平塚市西部を流れる金目川は、河口付近では花水川と呼ばれます。その河床に露頭(地層が露出しているポイント)があるとの情報をいただき、調査に行ってきました。
非常に水位が低かったこの日、川底にはわずかに岩場が見えていました。近づいてみるとまるで泥山のようですが・・・
ハンマーで表面を叩いてみると、中は鮮やかな緑色!
溶岩のかけらや軽石など、火山噴出物が海底に堆積して押し固められてできた火山砕せつ岩の地層でした。同様の岩石は高麗山から千畳敷山(湘南平)周辺にも分布し、高麗山層群(約1800~1200万年前)と呼ばれています。
緑色なのは、岩石をなす火山ガラスなどが熱や圧力で変質して微小な緑色の鉱物になってしまったためと考えられます。
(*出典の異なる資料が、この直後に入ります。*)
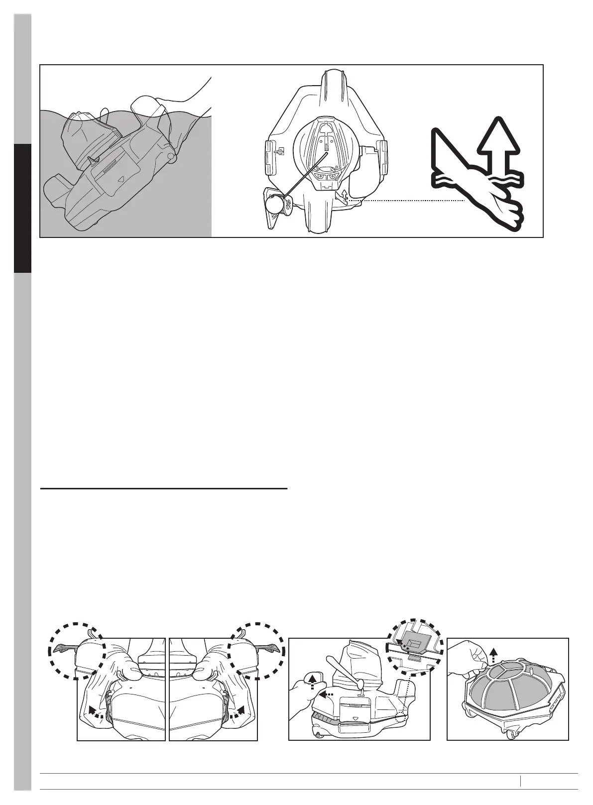 simbolo della mano ( vedere lo schema seguente ) per facilitare il recupero dalla piscina. Assicurati di afferrare sempre il robot

このような鮮やかな色は風化によって失われてしまいますが、この露頭は川底であったために風化が弱く、非常に新鮮なのが特徴的でした。
高麗山層群は1000万年前以上の海底に堆積した堆積物が、プレート境界で本州側に付加した付加体だと考えられていますが、詳しいことはまだ十分明らかにされていません。
博物館ではこれらの地層の調査を、市民の皆さんとともに進め、平塚周辺の大地がどのようにしてできたかを少しずつ明らかにしています。